Another avenue open to FedEx management that they fail to make use of is the education of our customers. Last winter during peak season, GYY's resident loss prevention sleuth approached me as I was scanning the unload belt and asked me if I had noticed any open boxes from a particular customer coming down the belt as I was scanning. It turned out that those boxes contained jewelry and that they had become frequent targets of thieves. Now if it were my business to prevent such thefts, it wouldn't take much thought on my part to contact the customer in question and tell them to change their packaging and/or labeling so that it would be impossible for any FedEx employee to know that their packages contained jewelry. In fact, it should be a matter of routine, at least in my opinion, that any customer shipping packages containing items of unusual value should be told to use misleading or nondescript labels on their packages that don't reveal the nature of the shipment and to change their labeling at the first sign that their new labeling scheme has been discovered by thieves. Yet, I cannot help but feel that FedEx wouldn't want to take such measures for fear that it might create the notion among our customers that theft is a problem for us and possibly cause the customer to lose faith in our service. However, if such precautionary measures were presented properly by competent customer service reps, the customer could come away with even more confidence in our service because we would be demonstrating a proactive approach to a possible problem rather than engaging in damage control after the fact.

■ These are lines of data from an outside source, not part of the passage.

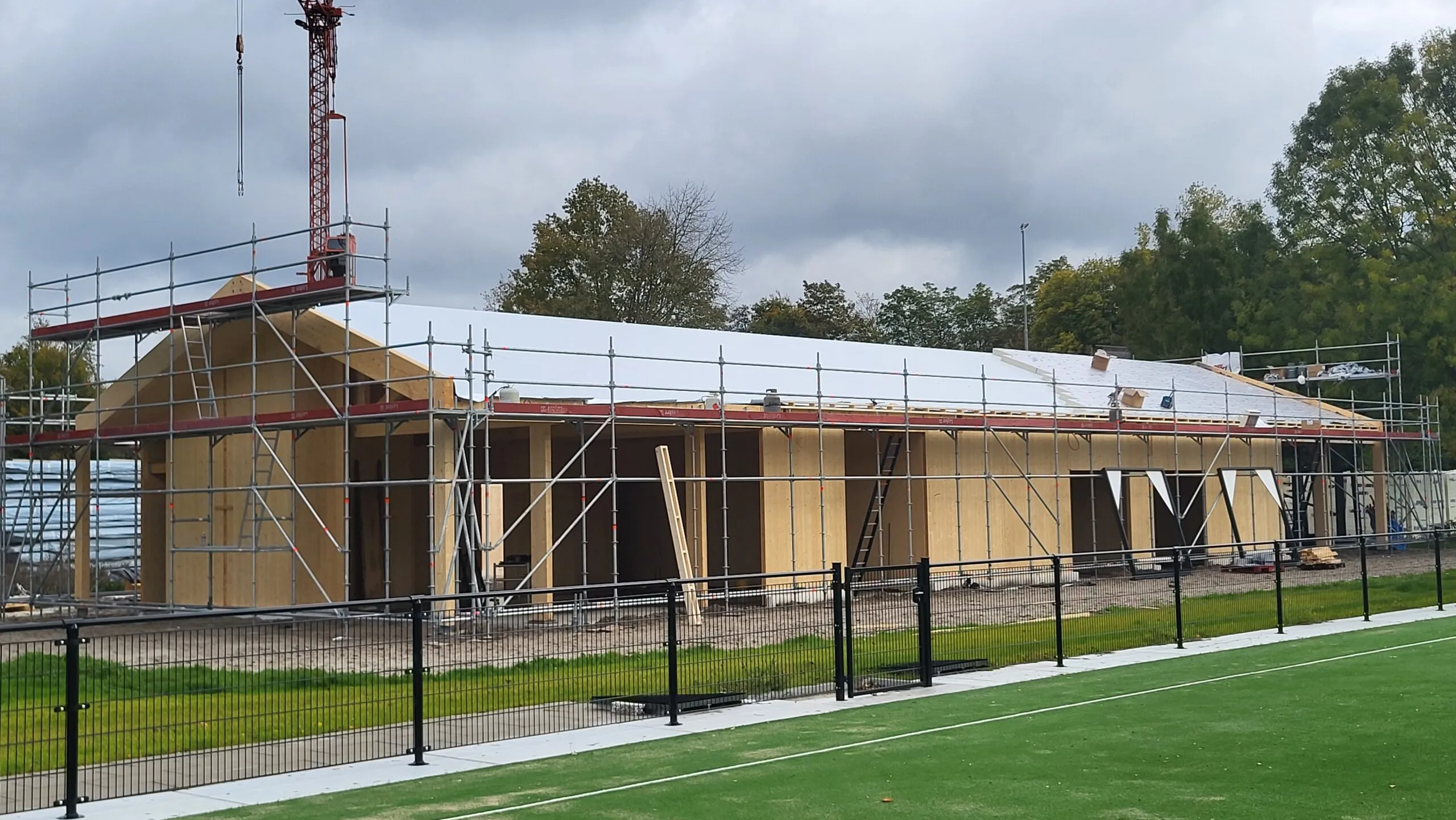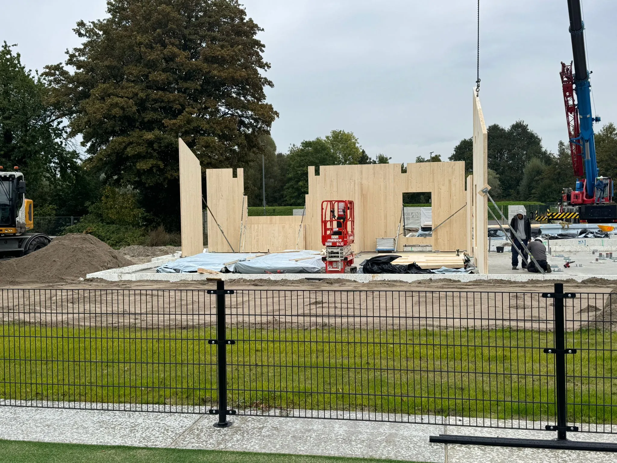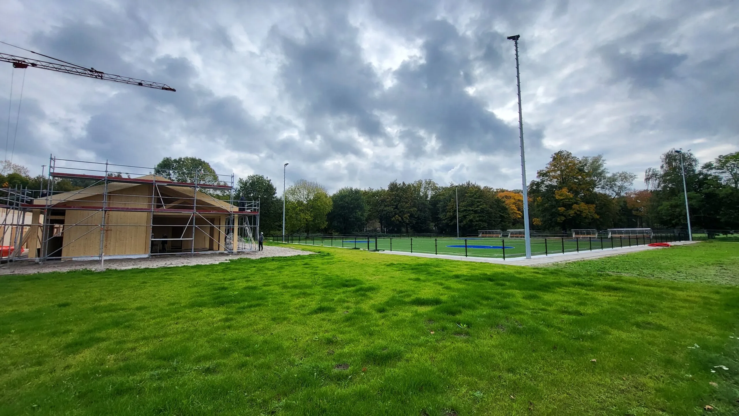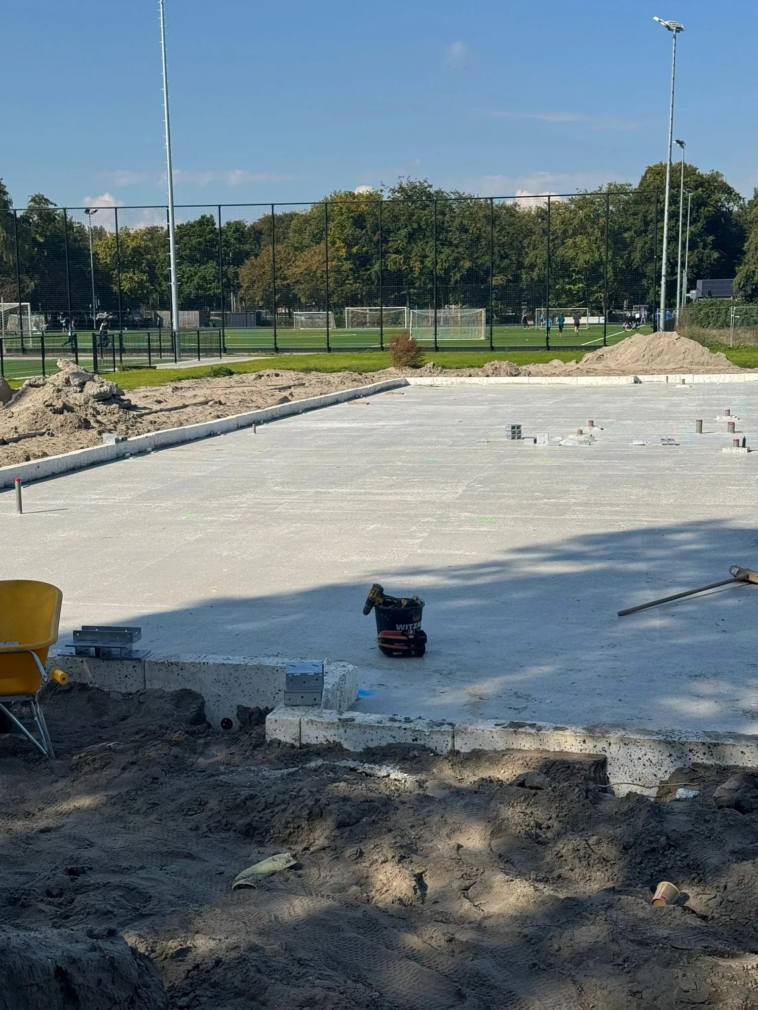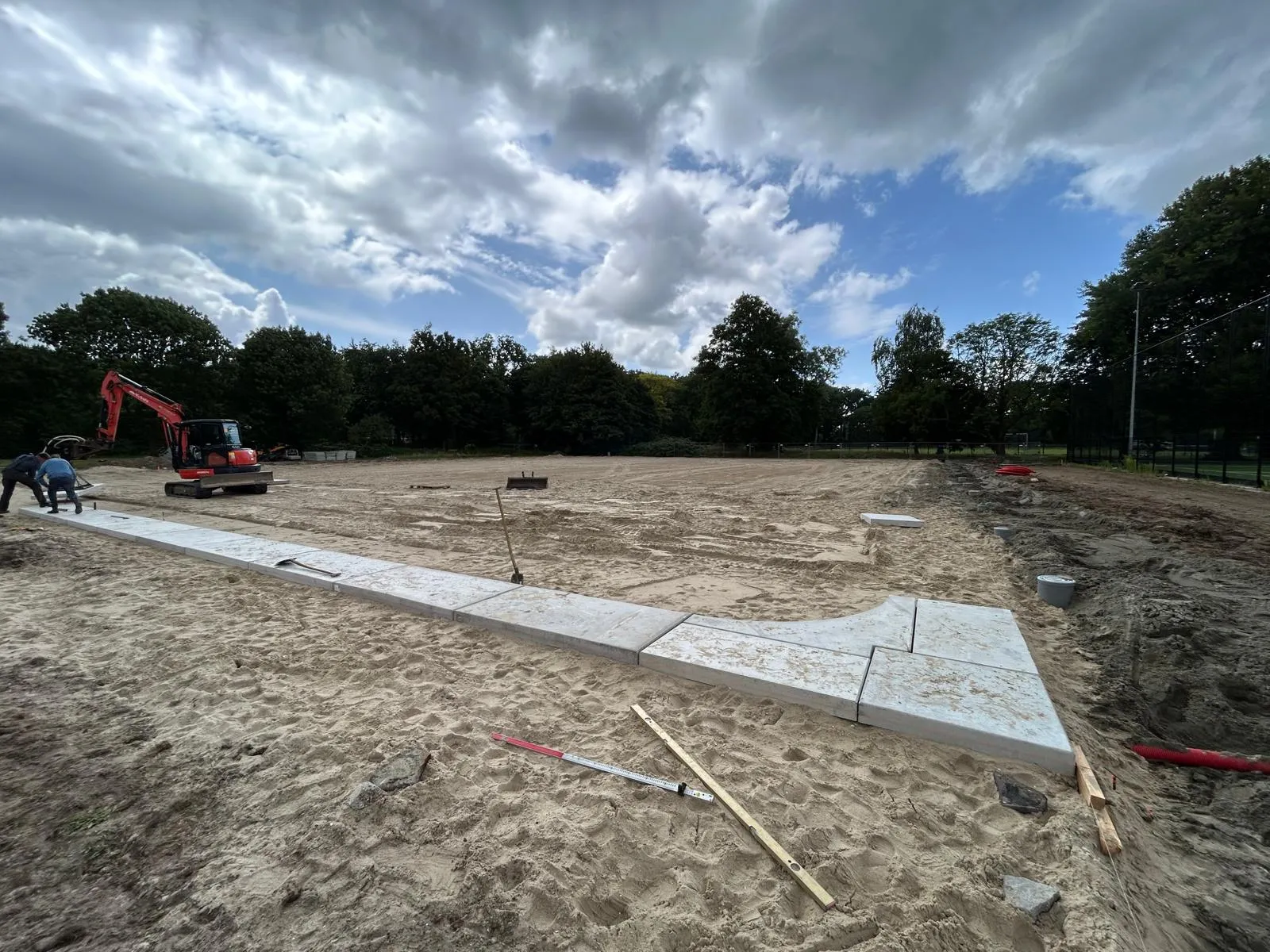 Afgelopen juni is de aannemer begonnen met het inrichten van de bouwplaats voor de bouw van het paviljoen. Tevens is de grond klaargemaakt voor de aanleg van het kunstgrasveld incl. lichtmasten en hekken.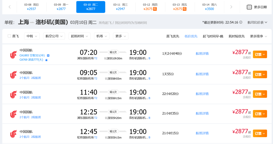 大家可能不知道这个价格有多离谱,同日期上海飞洛杉矶的机票,国航转机含税2877元,美联航直飞的价格也才3000多!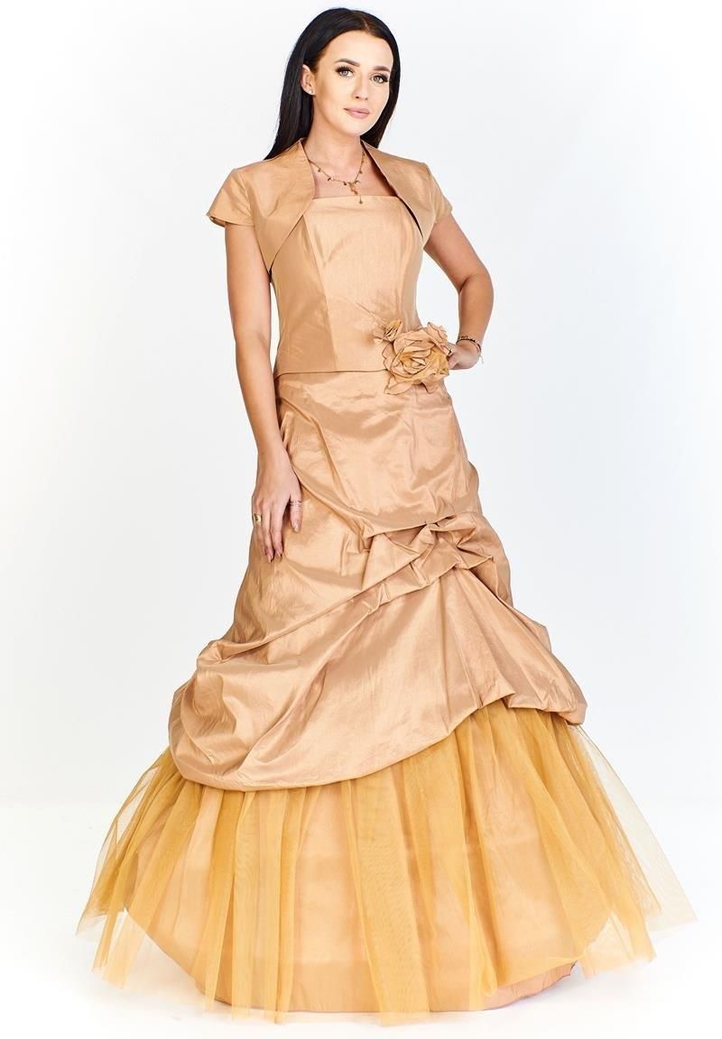 Fason: gorsetowa, rozkloszowana, halka stelaż Dekolt przód: gorsetowy Plecy: odkryte częściowo Zapięcie: sznurowanie z tyłu Materiał: tkanina - tafta, tiul Długość całkowita: maxi Rękaw: odkryte ramiona Ozdoby: kwiat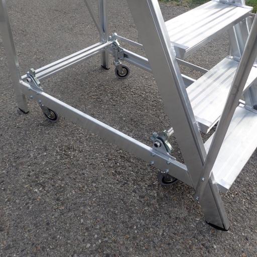 Die praktische Handhebelarretierung: Für Fahrberreitschaft Hebel gegen das Aufstiegsgeländer ziehen, beim Loslassen steht die Treppe automatisch auf den Gummifüssen.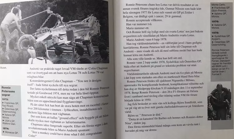 George Johansson kände Ronnie väl och har gjort ett strålande jobb om vår svenske F1-stjärna här. Format 18 x 21 cm. Hyfsat skick.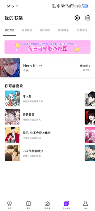 5、将正在追更的漫画加入【我的书架】,通过【最近在追】功能快速续读。还可以利用【购买/等免】分类,清晰地区分已购章节和待免费解锁的章节,让你的阅读更有条理。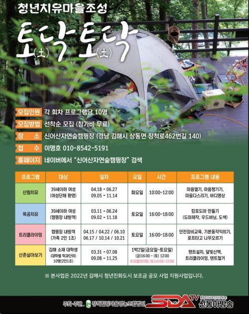 Åä(÷Ï)´ÚÅä(÷Ï)´Ú »ê¸²Ä¡À¯¸¶À» ÇÁ·Î±×·¥Àº ±èÇØ½Ã û³âģȵµ½Ã º¸Á¶±Ý °ø¸ð»ç¾÷ÀÇ Çϳª·Î ½Å¾î»ê ÀÚ¿¬½£ Ä·ÇÎÀå¿¡¼ ±èÇØ û³â(¸¸39¼¼ ÀÌÇÏ)µéÀ» ´ë»óÀ¸·Î ¿Ã 3¿ùºÎÅÍ ÁøÇàµÇ°í ÀÖ´Ù.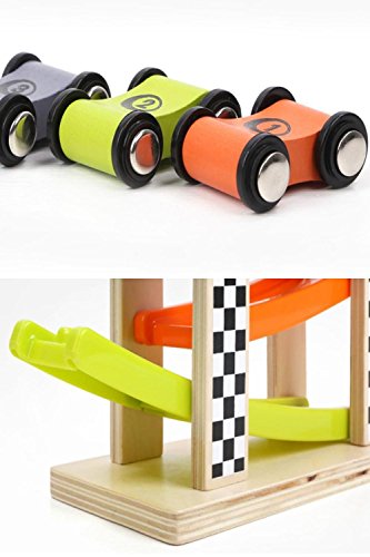 - 4色のレールと車にチェッカーフラッグ模様の柱。カラフルなデザインがパッと見ただけで小さなお子さまの興味をひきつけます。部分的に天然目を使用しているので木のぬくもりも感じられるアイテムです。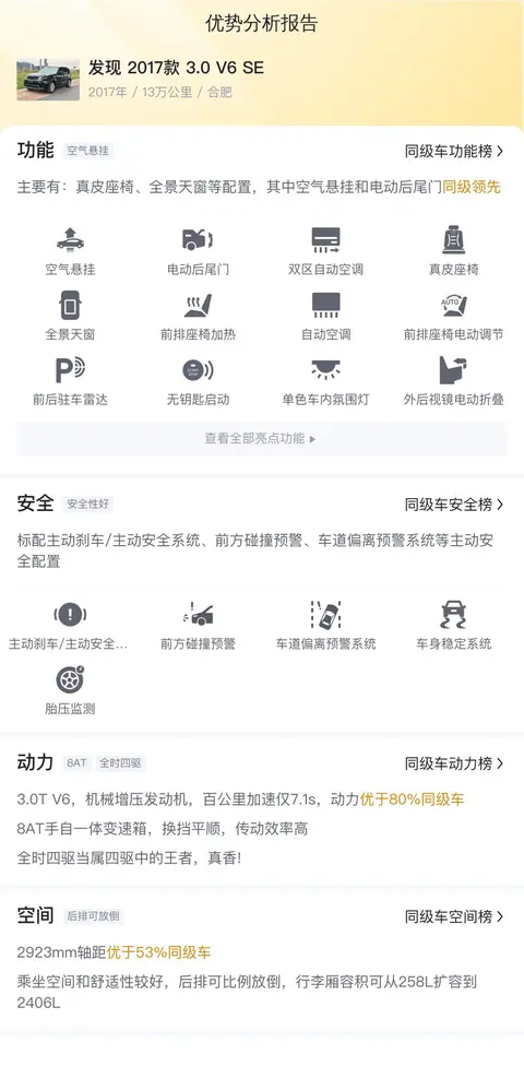 这辆二手发现 2017款 3.0 V6 SE车源地和上牌地都是合肥,2017年12月上牌,有1次过户记录。新车指导价84.8万,二手车报价24.98万,约新车落地的3成。截至目前,该车行驶里程为13万公里,还能用好多年。

The most obvious and important solution.

Of course, the most dramatic and effective action FedEx management could take to prevent theft is so obvious and yet it is the last thing they, or for that matter, most of the rest of corporate America would ever consider doing. Obviously, the action I'm talking about is abandoning the widespread practice of making part-time employees wait for the better part of a decade to attain full-time employment and top-of-scale wages! Stringing people along year after year at cargo handler or bottom level courier wages is an invitation to theft! What kind of loyalty can one expect from such an employee? How hard would it be for such an employee to reason that as long as FedEx displays no conscience about exploiting him or her they might as well put their conscience on hold and exploit FedEx in any way they can? Even our penal system understands the inherent dangers of people in hopeless circumstances. That's why prisoners with death sentences and prisoners with life sentences and no possibility for parole are segregated from the general prison population. People with no hope are especially dangerous because they understand that they have nothing to lose by their actions. Is it that hard to understand that employees with no tangible expectations of a meaningful future in a company might pose a lesser but similarly motivated threat to a corporation's integrity?

Utilizing true management skills like communicating, educating and motivating while providing employees with a reasonable and attainable full-time living wage that's not so far over over their horizons as to be hidden from view are the only real solutions to FedEx's theft problem. Unfortunately, as in so many other areas, our management has chosen to forego these common sense approaches to dealing with the problem of theft and has instead opted for the easy solutions of technological gadgetry and intimidation that have regrettably become the norm for FedEx. A coarse, broad brush might do the job more quickly and easily, but it seldom produces the same quality results as a finer and narrower brush would have. In this case, however, we do have a simple method by which we can refuse to be painted by management's broad brush. I, for one, will refuse to accept a locker assignment when the new insulting lockers are finally installed at GYY. At our last work group meeting when I brought up the matter, most of my infuriated coworkers, who were hearing about the lockers for the first time from me rather than our management, also assured my manager that they too would refuse locker assignments and as word has spread through GYY, more and more people are joining our rejection of this insult to our integrity!